Богатством вариантов восприятия определяется морфолого-эстетический потенциал поверхности, включающий и такие формы восприятия, как эстетическая, сакральная, анимистическая, топофилийная и т. п., поскольку материя действительно заселена душами (иначе могла ли духовность человека появиться в бездуховной природе?). Чем сложнее, богаче поверхность контакта, тем источником большего количества имплицированных ценностей она является. Их наличие позволяет оценивать комплексность, сложность системы «человек – среда» в целом, включая самого человека, его способность эти ценности выявлять.
Мы начинаем понимать, что феномен ландшафта, каким он является для человека, воспринятого на интуитивном уровне, а затем осознанного, неразделим с самим человеком, его жизненным опытом, образованностью, общей культурой и теми целями, которые он ставит перед собой. Сам по себе этот феномен – как онтоландшафт – всего только организация множества отношений между поверхностями вещей, которые представляют их вовне. Эти отношения не принадлежат самим вещам – они никаким образом не локализуются, вещи погружены в них. Это означает, что, в отличие от самих вещей, такие отношения в виде различий не могут быть формализованы, что выводит ландшафт из категории тех объектов, которые можно рассматривать на материально-механистической основе с целью моделирования. Тем более нельзя так подходить к системе «человек – ландшафт», поскольку сам феномен человека содержит такие составляющие, которым принципиально нельзя придать какую-то меру и которые не поддаются формализации. Здесь возникает, так сказать, человекомерность, предполагающая существование разных форм контакта человека с миром. К тому же дневная поверхность проступает одновременно как образ и эмоция, точнее, образ (паттерн), заряженный эмоцией как некоей психической энергией. Он динамичен, наполнен жизненностью и через эмоции связан с живым человеком. Вот и получается, что в отношении «человек - ландшафт» проявляется сама жизнь, что как раз и не позволяет дать ему универсальную интерпретацию.

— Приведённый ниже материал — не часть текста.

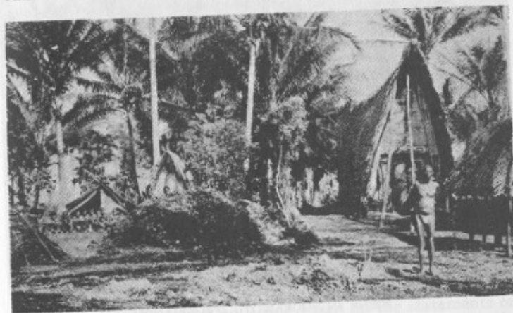
THE CHIEF'S LISIGA (PERSONAL HUT) IN OMARAKANA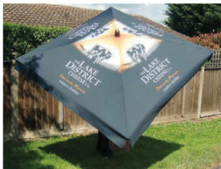
2 metre Square Parasol

2 metre square and 3 metre round parasols are for professional event use and we recommend guides should be followed to ensure your parasol always looks and performs at its best.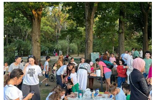
On 30 August, UNHCR together with NGO Green Revolution (Roaba de Cultură) held the third edition of “Together in the Park”.

On 30 August, UNHCR in collaboration with the NGO Green Revolution (Roaba de Cultură) and 8 partners of the Refugee Response Plan (RRP), held the third edition of “Together in the Park” in Herăstrău Park celebrating social cohesion, multiculturalism, and the power of community. The open-air event on the theme “Art without Borders – bringing communities together through arts and culture”, featured cultural and arts workshops for children and youth and photo exhibitions. The event successfully brought refugees, migrants, and the host community together in a playful manner forging bridges between the communities in Bucharest.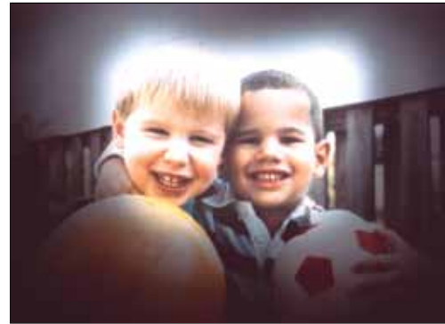
Same scene as viewed by a person with glaucoma.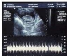
Detecting heartbeat with doppler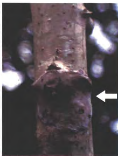
Figure 14: Cassava stem with fungal patch (arrow) of bud necrosis disease

Человек в контексте туризма. «Люди идут по свету, им вроде б немного надо…» - эти слова известной песни концентрируют в себе глубокий смысл. «Странствовать – это, прежде всего, менять тело», заметил Антуан де Сент-Экзюпери [9, с. 73], то самое тело, которое, как писал Морис Мерло-Понти [10], служит человеку проводником в мир. Схема тела – животного, человека, - предназначена для того, чтобы познавать и осваивать окружающий мир, вписываться в него. Именно она определяет специфику экологической ситуации того или иного вида, на что в своё время обратил внимание Дж. Гибсон [11]. Странствуя, мы меняем себя, каждый раз вынужденные сбрасывать с себя закостенелость. Так жил и продолжает жить номад. Туризм же можно рассматривать как память тела о кочевничестве. Человек, живущий в неизменной обстановке, становится ущербным. Он перестаёт замечать своё окружение, поскольку он слит с ним в единое целое. Изо дня в день те же улицы, те же дома, квартира или дом, предприятие – всё это перестаёт восприниматься как среда и становится частью тебя. Здесь почти не бывает чего-то нового и из этого режима очень трудно выйти: всё новое начинает пугать. Особенно это характерно для жителей города – представителей так называемой «асфальтовой цивилизации». Конечно, асфальтовые покрытия – это хорошо, это способствует ускорению темпа жизни, но, с другой стороны, это «упаковывает» человека в искусственный мир города, который сам требует постоянного воспроизведения. Это грозит остановкой развития, коллапсом. Так что, вопрос не только в смене обстановки – он гораздо глубже. Но изменение представления о мире – процесс сложный, это фазовый переход, происходящий в когнитивной системе человека. Он требует не только изменения представлений, но и изменения отношения к миру, изменения структуры поведения. Готов ли современный турист к такому повороту событий?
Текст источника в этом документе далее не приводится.